-- DATA SHOWN follows --

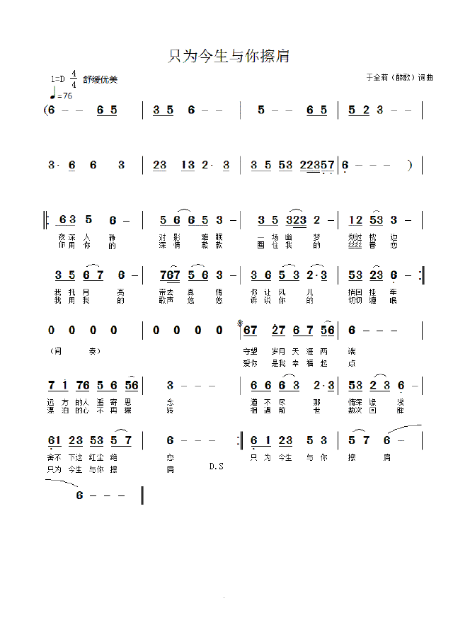 只为今生与你擦肩-简谱
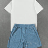 Manfinity emrg conjunto de camiseta de manga corta y pantalones cortos de moda sencilla para hombre talla grande, adecuado para el verano
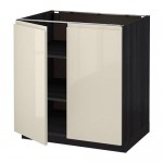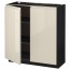 МЕТОД Напол шкаф с полками/2двери - под дерево черный, Воксторп глянцевый светло-бежевый, 80x37 см
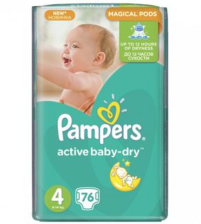 - Pampers Active Baby-Dry 8-14 кг 4 76 шт. по выгодной цене 1 501 р. руб.;
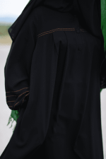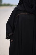 عبا و مانتو زیبای جنت با جنس کرپ نخ اسود عبایی با زیپ مخفی که در پهلوها تعبیه شده و جیبی کاملا پوشیده و ایمن طراحی شده است.
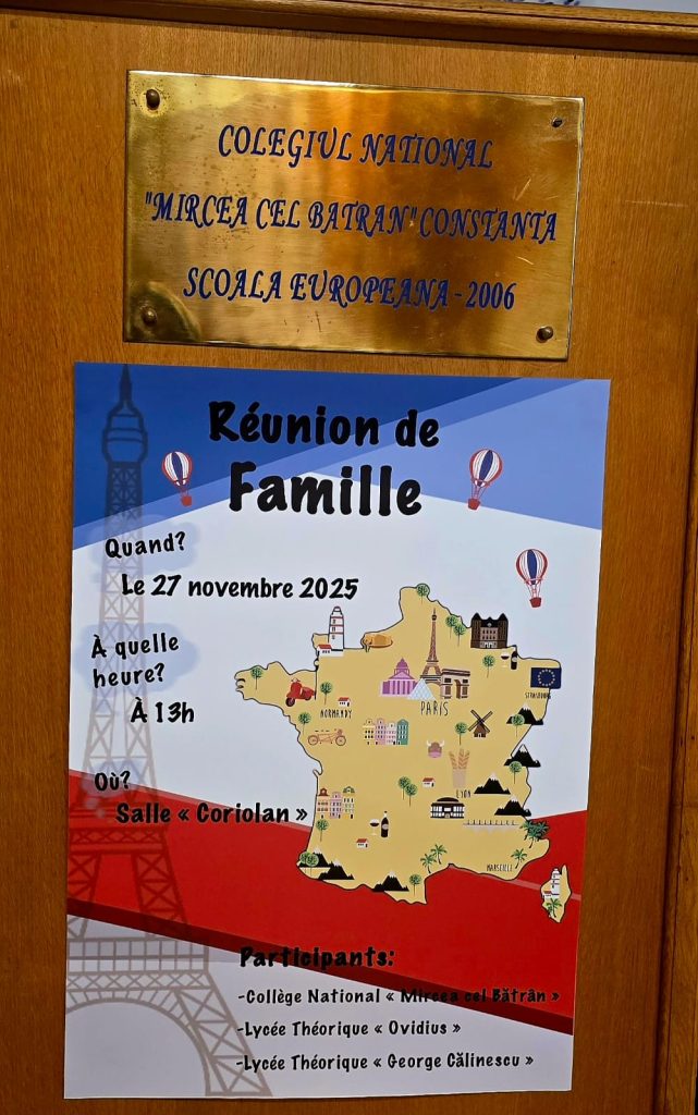 Jeudi 28 novembre, le Collège National « Mircea cel Bătrân » de Constanța a accueilli l’activité « Réunion de famille », un rendez-vous dédié aux élèves de 9ᵉ année en section bilingue français des trois lycées francophones de la ville : le Collège National « Mircea cel Bătrân », le Lycée Théorique « Ovidius » et le Lycée Théorique « George Călinescu ». L’objectif de la rencontre a été de renforcer la communauté francophone locale à travers la collaboration et l’échange.
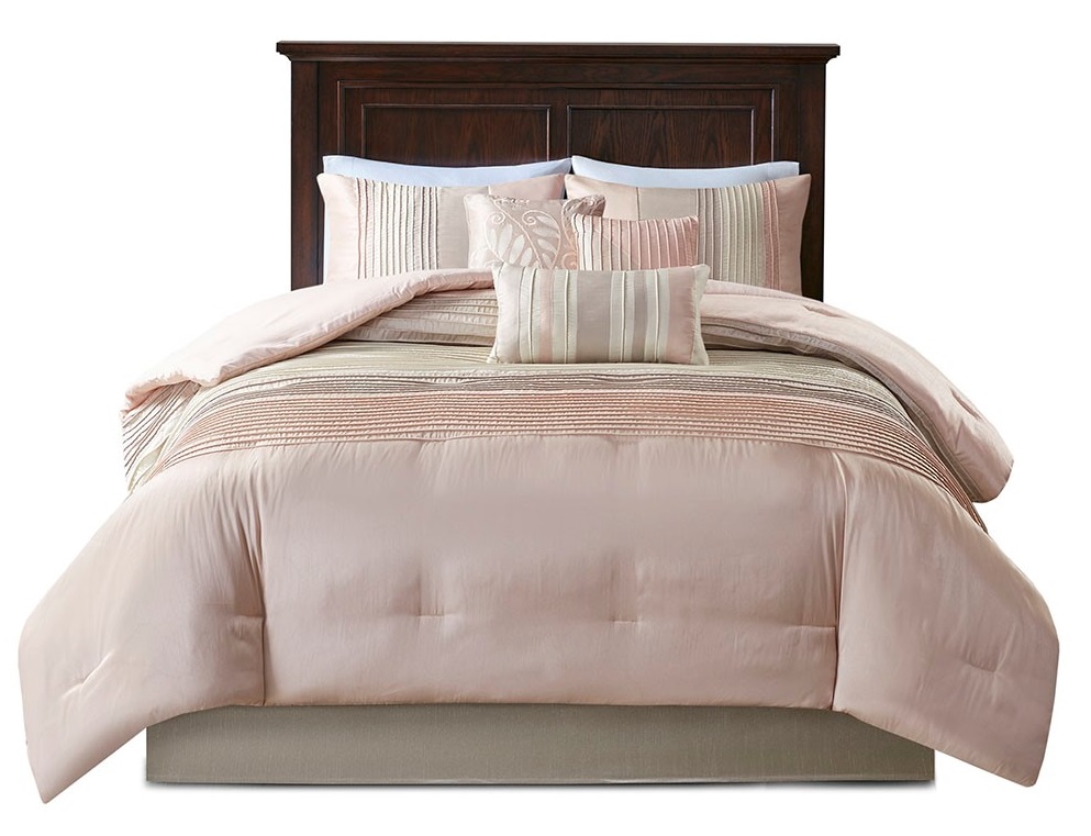 The Madison Park Amherst 7 Piece Comforter Set offers a beautiful update to your bedroom décor. The polyester faux silk comforter and shams features a pieced and pintucked design in blush, ivory, and taupe hues for a chic contemporary look.Read More

-- DATA SHOWN concluded --

* **REQUIRED ACTION**: Above are records with pictures. Reproduce exactly only the lines from the line with "- Pampers Active" through the line with "عبا و مانتو", both ends included, and leave the pictures out.

* **EXERCISE ANSWER**:
 - Pampers Active Baby-Dry 8-14 кг 4 76 шт. по выгодной цене 1 501 р. руб.;
 عبا و مانتو زیبای جنت با جنس کرپ نخ اسود عبایی با زیپ مخفی که در پهلوها تعبیه شده و جیبی کاملا پوشیده و ایمن طراحی شده است.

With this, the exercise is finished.